Hence $y=\frac{x+2}{4}$
In order to find the points of intersection .Let us equate the equation of parabola and the equation of the straight line.
$\frac{x+2}{4}=\frac{x^2}{4}\Rightarrow x^2-x-2=0$.
(x-2)(x+1)=0.
Hence x=2 and -1.
If x= 2;y= 1 and if x= -1;$y=\frac{1}{4}.$
Hence the points of intersection are (2,1) and (-1,$\frac{1}{4}).$
Thus the area of the required region is bounded between the straight line and the parabola.This is shown in the fig.

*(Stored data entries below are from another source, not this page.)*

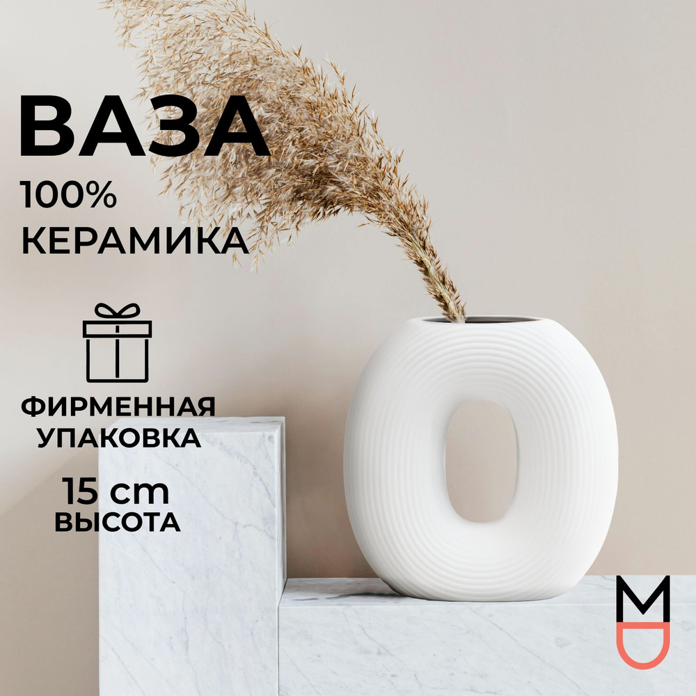 Белая ваза для цветов и сухоцветов из керамики декоративная напольная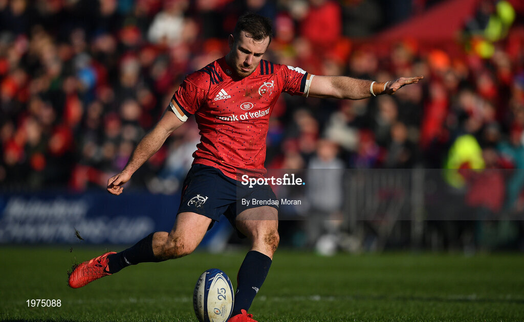 19 January 2020; JJ Hanrahan of Munster during the Heineken Champions Cup Pool 4 Round 6 match between Munster and Ospreys at Thomond Park in Limerick. Photo by Brendan Moran/Sportsfile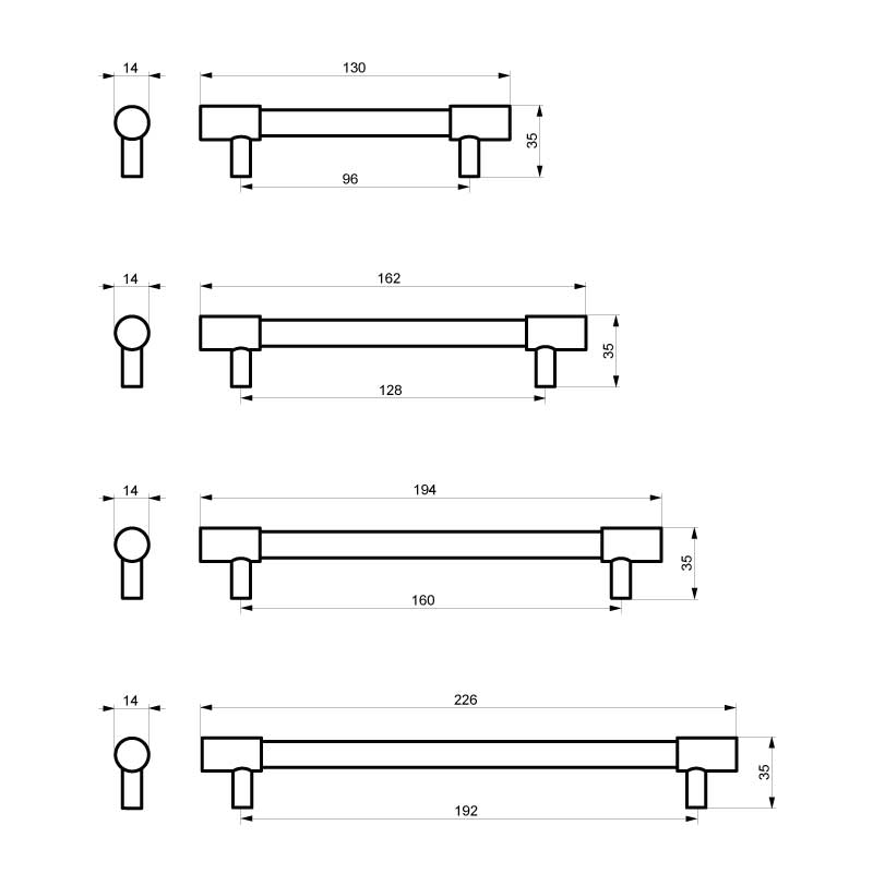Largo | 130 mm, 162 mm, 194 mm, 226 mm |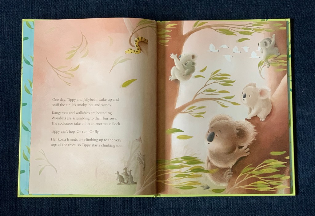 I like the use of words like brave and explain what the carers do to get the koala’s to be healthy and well again. Sophie doesn’t shy away from explaining that Tippy has burns, but they also show that she heals from them.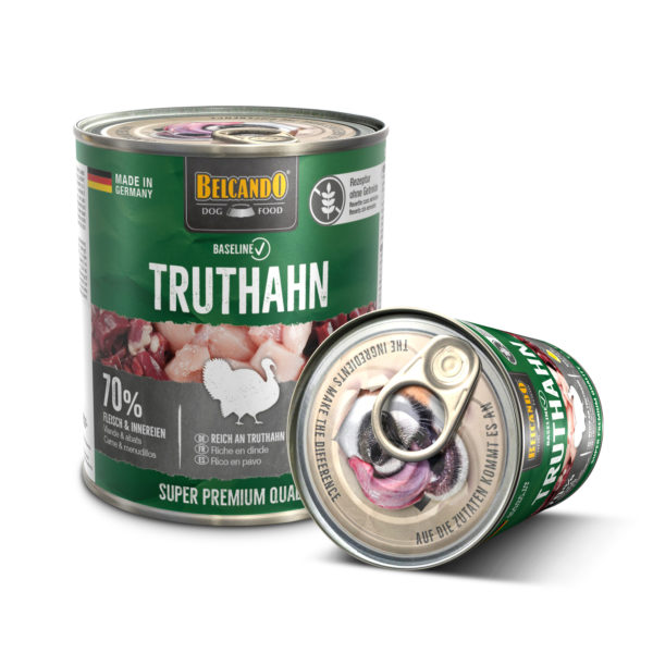 Truthahnfleisch, -leber, -herz, -muskelmagen (26 %); Fleischbrühe (28,8 %); Fleisch; Leber; Magen; Herz; Niere; Lunge; Eierschalen*¹; Mineralstoffe; Distelöl (0,2 %) *¹getrocknet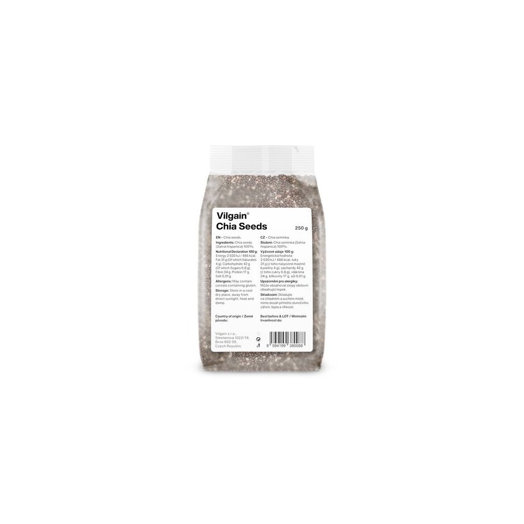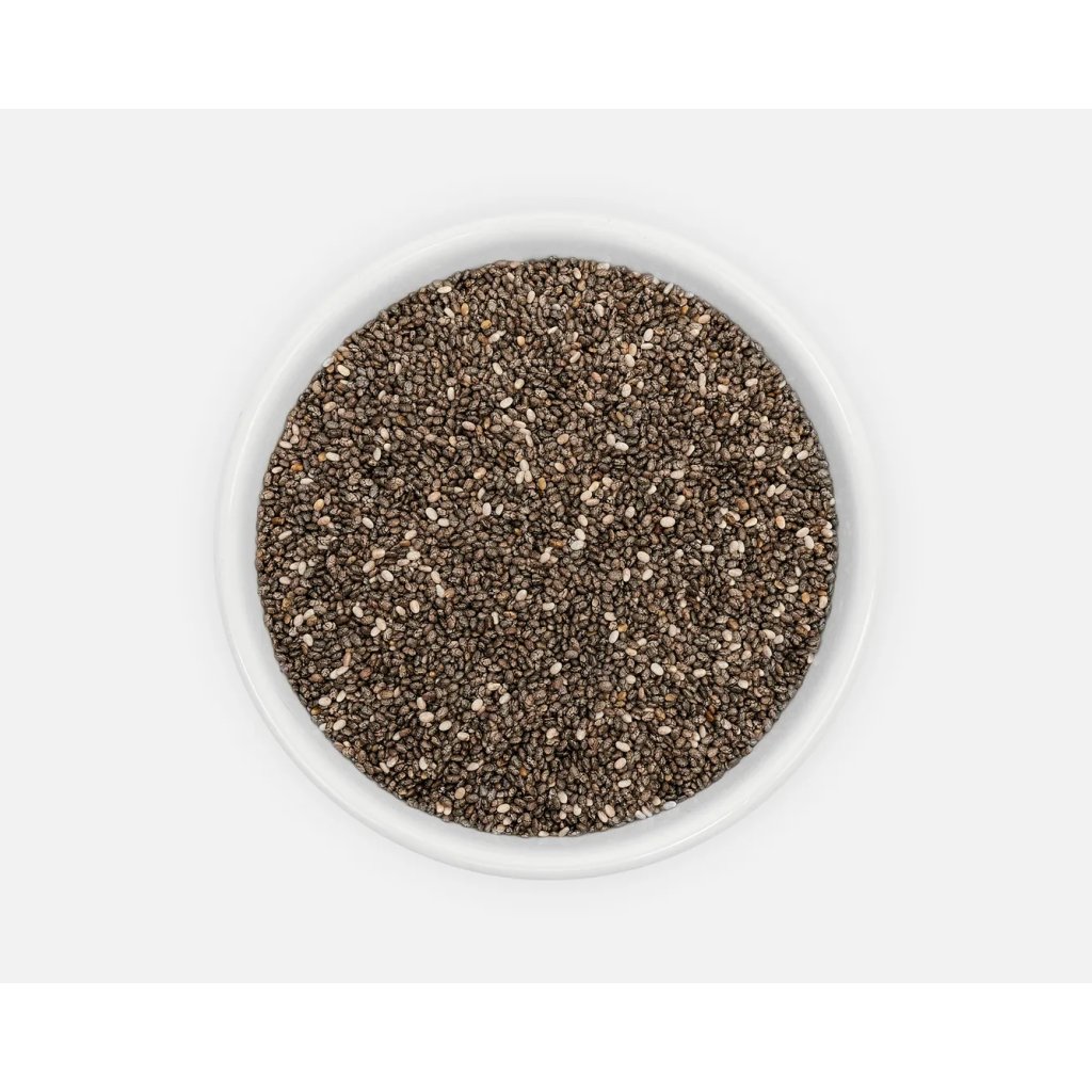 Chia seeds (Salvia hispanica) 100%. Country of origin: Paraguay. Allergy warning: May contain traces of cereals containing gluten.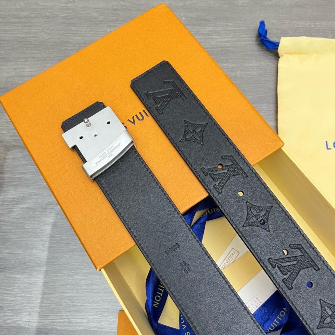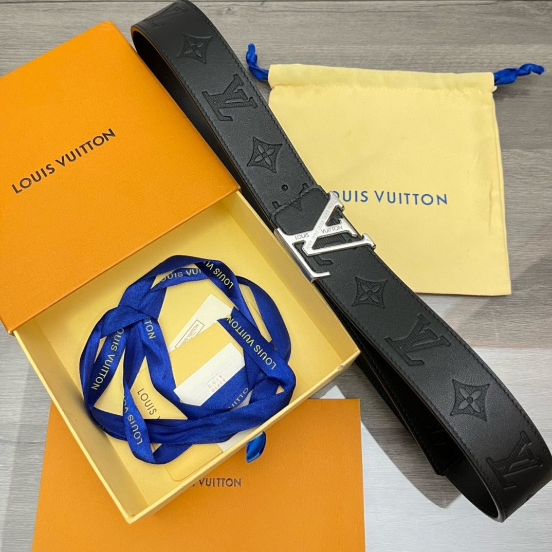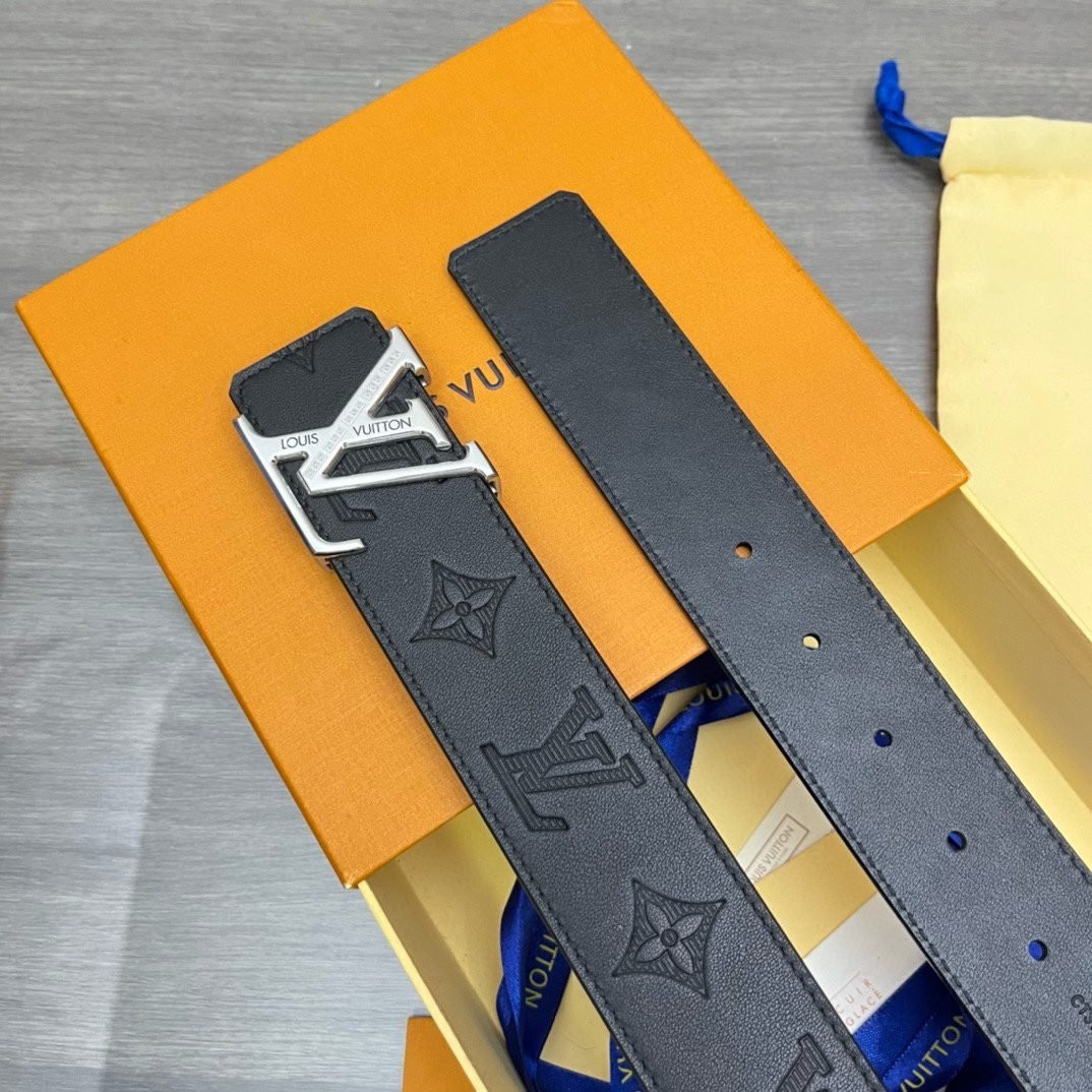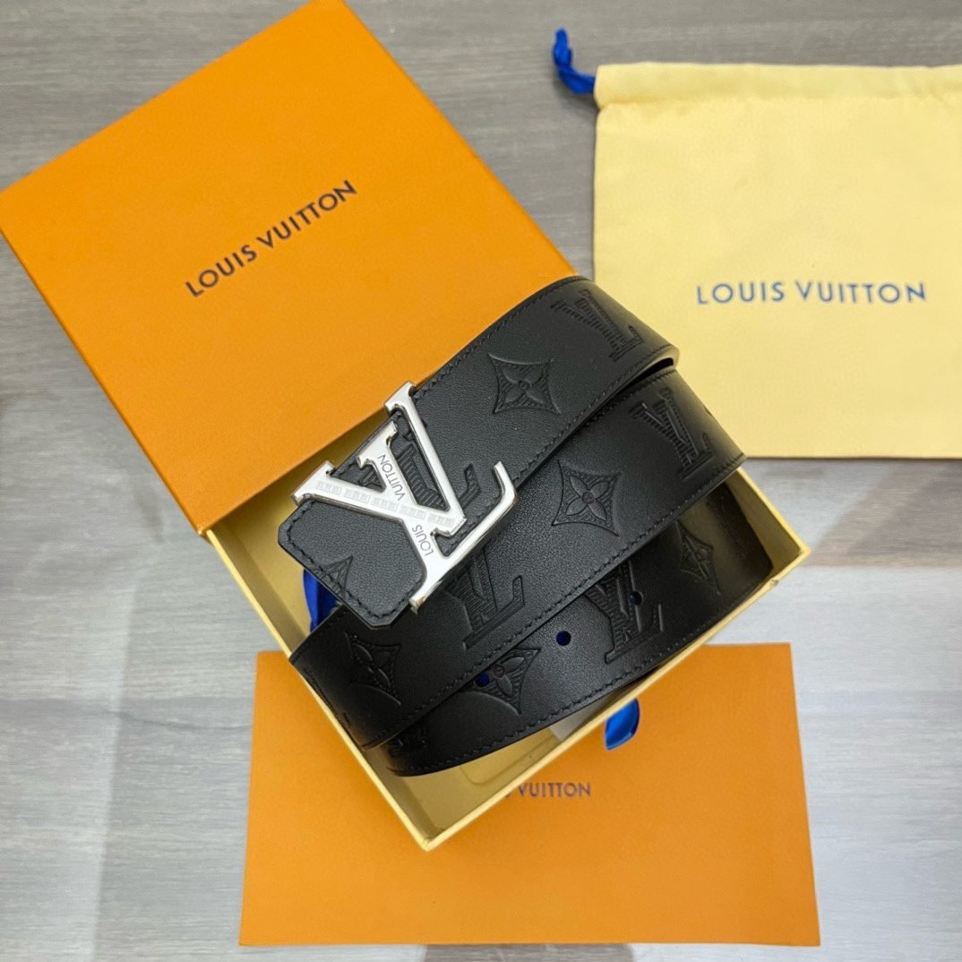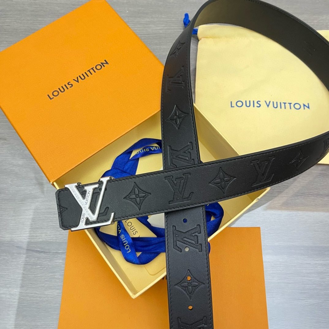 Home Belt LV belt Louis Vuitton silver V buckle black textured belt, simple and elegant, noble and elegant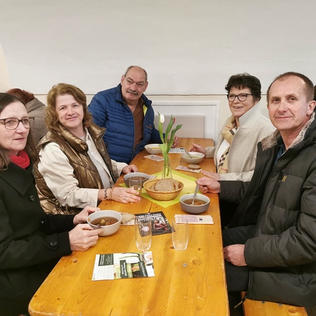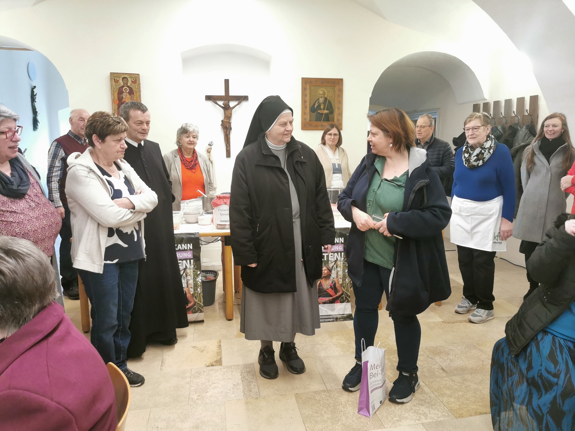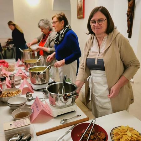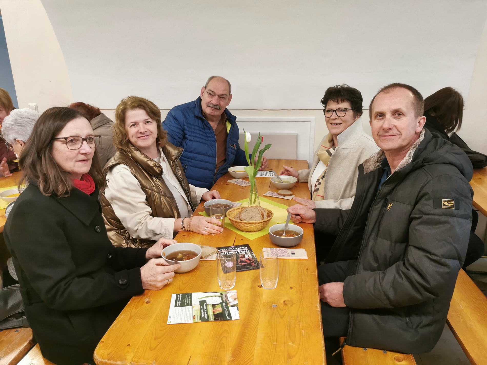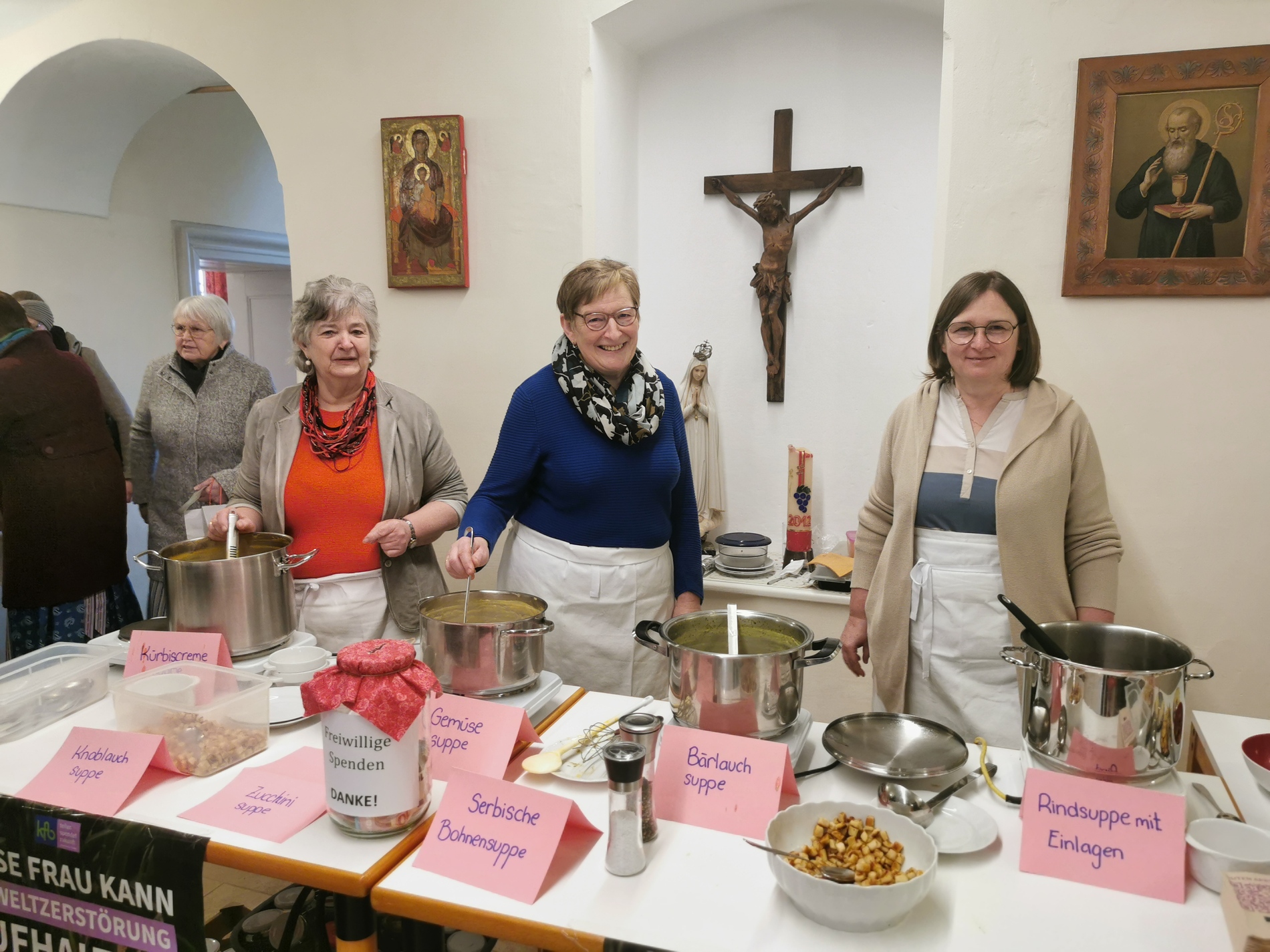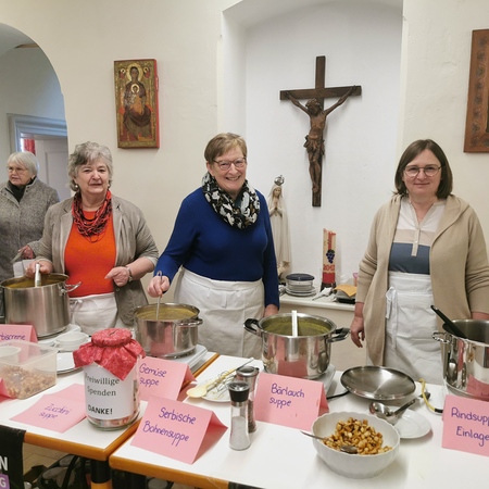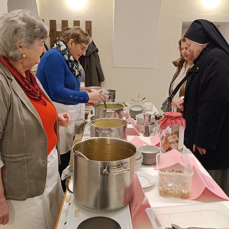 Zwei Benefiz-Projekte wurden am heutigen Sonntag zu einem Herzensprojekt vereint: die Biberbacher kfb Damen veranstalteten zum ersten Mal einen Suppensonntag im Pfarrhof zu Gunsten der Aktion Familienfasttag der kfb - und der Caritas Arbeitskreis der Pfarre lud auf Anregung von P. Laurentius Sr. Ingrid Sturm -Kreuzschwestern Linz - zur Präsentation ihrer Rumänienhilfe ein.
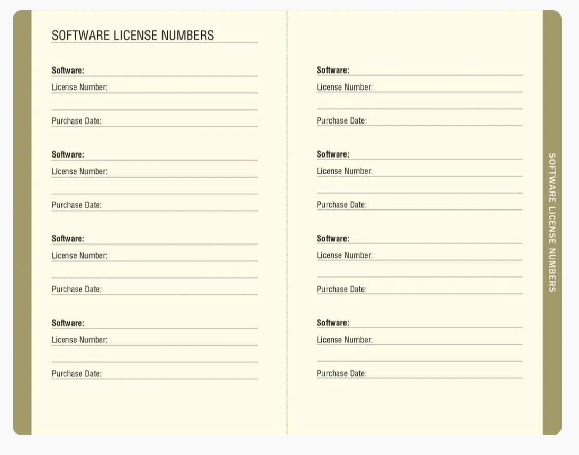 - Record notes on home network configurations, software license numbers, etc., too, in pages in the back of the book.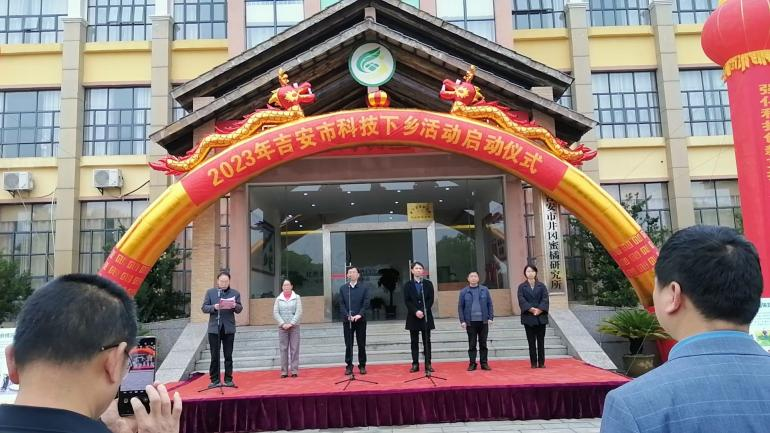2023 年3月30日,吉安市科技局在新干召开2023 年度吉安市科技下乡活动启动会,新干县人民政府副县长杨成奎同志致辞,省农业科公司蔬菜花卉研究所周劲松、江西腊月红生态果业有限公司负责人聂雄辉分别做了典型发言,市科技局副局长周俊才同志宣布活动启动,参加此次活动的科技人员和农户有200余人,启动会后公司黄喜根教授、彭大勇和黄建平博士分别到基地调研和指导。
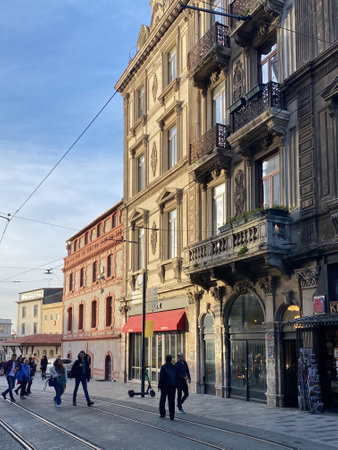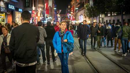 ISTANBUL, TURKEY - NOVEMBER 18, 2022: On Istiklal Street, one of the busiest streets of Istanbul, crowded people gather for shopping and sightseeing.

Clearly the curve moves from the point -1 to 0 and from 0 to 2.
The required area is given by
$A=\int_{-1}^0(y_2-y_1)dx+\int_0^2(y_2-y_1)dx.$
$\;\;\;=\begin{bmatrix}\int_{-1}^0\big(\frac{x+2}{4}\big)dx-\int_{-1}^0\big(\frac{x^2}{4}\big)dx\end{bmatrix}+\begin{bmatrix}\int_0^2\big(\frac{x+2}{4}\big)dx-\int_0^2\big(\frac{x^2}{4}\big)dx\end{bmatrix}$
On integrating we get,
$\;\;\;=\begin{bmatrix}\frac{1}{4}\big(\frac{x^2}{2}+2x\big)-\frac{1}{4}\big(\frac{x^3}{3}\big)\end{bmatrix}_{-1}^0+\begin{bmatrix}\frac{1}{4}\big(\frac{x^2}{2}+2x\big)-\frac{1}{4}\big(\frac{x^3}{3}\big)\end{bmatrix}_0^2$
on applying limits we get,
$\;\;\;=\begin{bmatrix}0-\frac{1}{4}\big(\frac{{-1}^2}{2}+2(-1)-\frac{{-1}^3}{3}\big)+\frac{1}{4}\big(\frac{2^2}{2}+2(2)-\frac{2^3}{3}-0\big)\end{bmatrix}$
$\;\;\;=\frac{-1}{4}[\frac{1}{2}-2+\frac{1}{3}]+\frac{1}{4}[\frac{4}{2}+4-\frac{8}{3}]$
$\;\;\;=\frac{-1}{4}[\frac{-3}{2}+\frac{1}{3}]+\frac{1}{4}[6-\frac{8}{3}]$
$\;\;\;=\frac{7}{24}+\frac{10}{12}=\frac{27}{24}=\frac{9}{8}$sq.units.
Hence the required area is $\frac{9}{8}$sq.units.